NICO Holdings plc is a diversified financial services group and is listed on the Malawi Stock Exchange. The NICO group sponsored the Malawi national netball team in 2025/26.

== Overview ==
NICO Holdings' headquarters are in Blantyre, Malawi, with operating presence in six African countries i.e. Malawi, Zambia, Tanzania, Uganda, Mozambique and Zimbabwe. The group offers a wide range of financial products and services which include: asset management, life assurance, retirement planning, general insurance, health insurance, banking, information technology and property management.

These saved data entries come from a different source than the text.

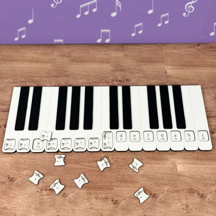 Pomoc edukacyjna wspomoże w szczególności dzieci, które mają problem z zapamiętaniem różnych oznaczeń dźwięków – na poszczególnych polach wygrawerowane zostały zarówno nazwy literowe, jak i solmizacyjne (np. „e” i „mi”). Płytki, które układa się na klawiaturze, zostały podzielone również na klucze basowe i wiolinowe. Dzięki temu maluch może łatwo udoskonalić czytanie oznaczeń nutowych charakterystycznych dla pianina, fortepianu, a nawet: różnorodnych instrumentów stunowych. Młody muzyk szybko zorientuje się, że ułożenie tych samych nut na pięciolinii różni się ze względu na klucz!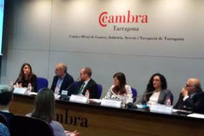 Andreu Suriol, Presidente de la Camara de Comercio, Oscar Peris, Delegado del Gobierno de la Generalitat de Catalunya, Francesc Roca, Consejero de Educacion, Ocupacion y Desarrollo Economico del Ayuntamiento de Tarragona y Teresa Colomina, Catedratica y Directora del departamento de psicologia de la URV presentaron y abrieron el Simposio.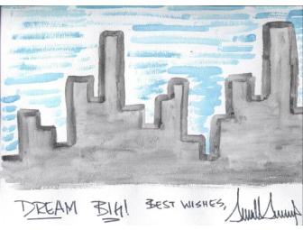 This one a kind 9x12 inch watercolor painting of New York was done by Mr. Donald Trump. The watercolor painting with the inscription ''Dream Big'' is also signed by Mr. Trump. An 8x10 color Autographed Photo of Mr. Trump with the inscription ''Think Big '' is also signed by Mr. Trump.

NICO Holdings was founded in 1971 as a short-term insurance company called National Insurance Company Limited. NICO became the first company to be listed on the Malawi Stock Exchange in 1996. Since then, the group has listed two of its subsidiaries on the stock market i.e. NBS Bank Plc in 2007 and ICON Properties Plc in 2019.

== Member companies ==
The companies that compose the NICO Holdings are organised into five divisions and include, but are not limited, to the following:

=== Insurance ===

- NICO General Insurance Company – Blantyre, Malawi – 51% Shareholding – Offering short term insurance. Remaining 49% held by Sanlam.
- NICO Life Insurance Company Limited – Blantyre, Malawi – 51% Shareholding – Offering long-term and life insurance. Remaining 49% held by Sanlam.
- NICO Insurance (Zambia) Limited – Lusaka, Zambia – 51% Shareholding – Offering short term insurance. Remaining 49% held by Sanlam.
- Sanlam General Insurance Tanzania – Dar es Salaam, Tanzania – 20% Shareholding – Offering General Insurance in Tanzania.
- Sanlam Mozambique Vida Companhia de Seguros, SA – Maputo, Mozambique – 34.30% Shareholding – Offering General Insurance

=== Banking ===

- NBS Bank Plc – Blantyre, Malawi – 50.10% Shareholding – A midsized retail bank licensed by the Reserve Bank of Malawi. The shares of NBS Bank are listed on the MSE.
- Standard Bank Plc – Blantyre, Malawi – 19.89% Shareholding – A commercial bank licensed by the Reserve Bank of Malawi.

=== Asset Management ===

- NICO Asset Managers Limited – Blantyre, Malawi – 100% Shareholding – Offering investment management services.

=== Technology ===

- NICO Technologies Limited – Blantyre, Malawi – 100% Shareholding – Provider of IT solutions to the public sector, corporate and individual clients across Malawi.

=== Property ===

- Group Fabricators & Manufacturers – Blantyre, Malawi – 100% Shareholding – A property holding company.
- ICON Properties Plc – Blantyre, Malawi – 62.71% Shareholding – A property holding company. The shares of ICON Properties Plc are listed on the MSE.
- Eris Properties Malawi Ltd – Blantyre, Malawi – 50% Shareholding – A property development company that owns and manages a number of commercial properties in Malawi. Eris Properties Malawi was founded in August 2017 as a Joint Venture between NICO Holdings and Eris Property Group, a subsidiary of Momentum Metropolitan Holdings.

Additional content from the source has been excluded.